不動産売却の仲介手数料はいくら計算方式や値引きなどを詳しく解説しています。

不動産売却の仲介手数料相場はいくら?仲介手数料で損しないための全知識!

不動産売却を進め、売買契約締結がすんだら仲介してもらった不動産会社から「仲介手数料」を支払ってくださいね…と請求されます。

不動産を売却する売主と、物件の買主は仲介手数料を支払わなければなりません。不動産売却って一生のうちに何度も経験することは稀ですよね?

  • 仲介手数料って相場はいくら?
  • いつ支払えばいい?
  • どうやって計算されるの?仲介手数料…
  • 値引き交渉ってできるかな?
  • 仲介手数料が請求されないケースがあるって聞いたけどホント?

・・・など

こちらでは何かとわかりにくい「不動産売却の仲介手数料」の全てについてどこよりもわかりやすく解説しています!仲介手数料の金額、計算方法、支払時期や請求されない場合の例をはじめ仲介手数料で損しないための知識を知りたい方は必読です!

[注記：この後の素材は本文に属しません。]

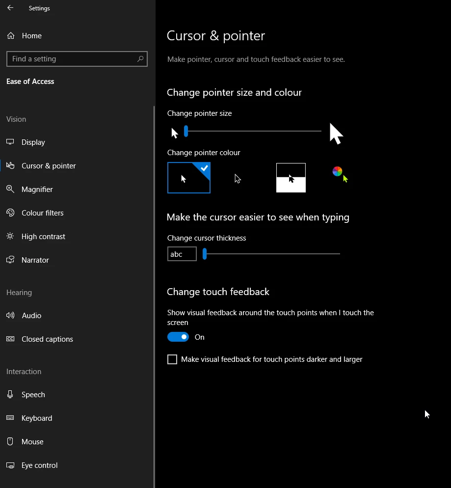 Cursor size on Windows 10

不動産会社が仲介手数料を値引きしたくなるような売主目線の裏技も紹介してますよ!

この記事を書いた人
宅地建物取引士
梶田宗孝
不動産を売却することって一生の内に何度もありませんよね?後でしまった...と後悔したくないものです。相談できる不動産会社の探し方や決め方、所有する不動産をより良い条件で売るには...などわからないことだらけだと思います。住宅の売買仲介の実務5年、不動産広告担当1年、土地の一時活用としてのコインパーキング運営管理13年の経験を活かし、売主さま目線で不動産会社探しや売却のイロハをお伝えできればと思います。(宅地建物取引士・愛知県知事登録第026054号 梶田宗孝)

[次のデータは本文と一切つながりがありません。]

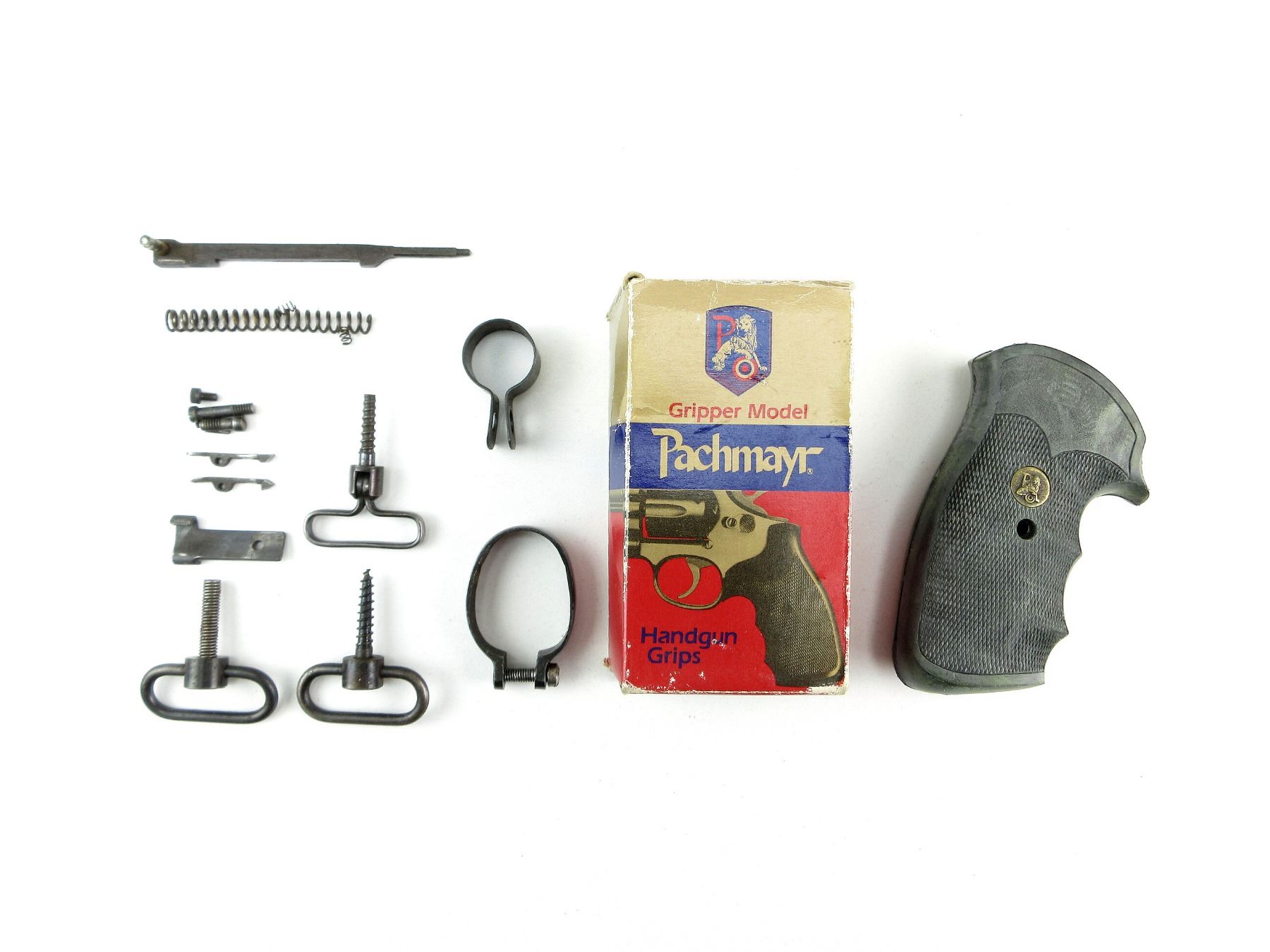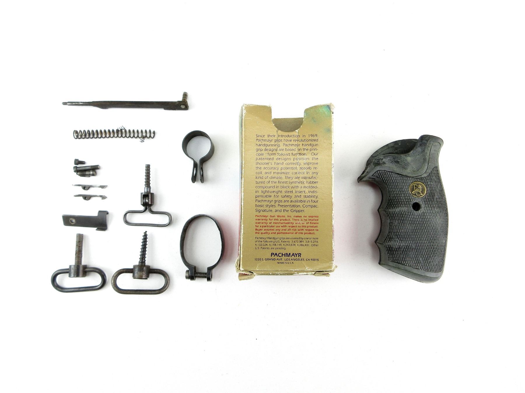 LOT INCLUDES; (1) WINCHESTER MODEL 75 BARREL BAND, (1) PAIR OF SCHULTZ & LARSEN .22 CAL RIFLE SLING SWIVELS, (1) SCHULTZ & LARSEN M70 .22 LR BOLT STOP, WITH SCREW, (1) STEVENS MODEL 414 BARREL BAND, (1) STEVENS MODEL 414 SLING SWIVEL, (1) PACHMAYR SMITH & WESSON K FRAME REVOLVER GRIPS, BLACK RUBBER CONSTRUCTION, ROUND BUTT, MISSING MOUNTING SCREW, WITH ORIGINAL BOX, ETC. SEE PHOTOS.

不動産売却の仲介手数料に相場はなく上限金額があることを理解しよう!

仲介手数料の算出方法(上限金額)
売買金額の内200万円までの部分 ×5%
A
売買金額の内200万円までの部分 ×4%
B
(売買金額-200万円-200万円)の部分 ×3%
C
合計
A+B+C+(消費税)

不動産売却の相場を調べる時のように、不動産を売却した時の仲介手数料に相場なんてありません。上限金額が「宅地建物取引業法第46条」及び「国土交通省の報酬に関する告示」で定められてます。

仲介手数料の算出方法は上の表の「A+B+Cに消費税を足した金額」です。これが上限金額になります。

構造をわかりやすく図にするとこんな感じです。

不動産売却の仲介手数料は売買代金の構造

仲介手数料はカンタンに計算する方法もありますよ!

仲介手数料をカンタンに計算する方法はコレ!(売買金額×3%+6万円)

仲介手数料の簡易計算方法

★(売買金額×3%+6万円)+消費税
宅地建物取引業法第46条
国土交通省の告示(昭和45年建設省告示第1552号)

「売買金額×3%+6万円」

仲介手数料はこの式に当てはめるだけで全て算出できます。

この「プラス6万円」って何?とよく聞かれますが、上図の仲介手数料の構造を見ていただければお分かりいただけると思います。200万円の2%(4万円)、200万円の1%(2万円)を足した分が6万円です。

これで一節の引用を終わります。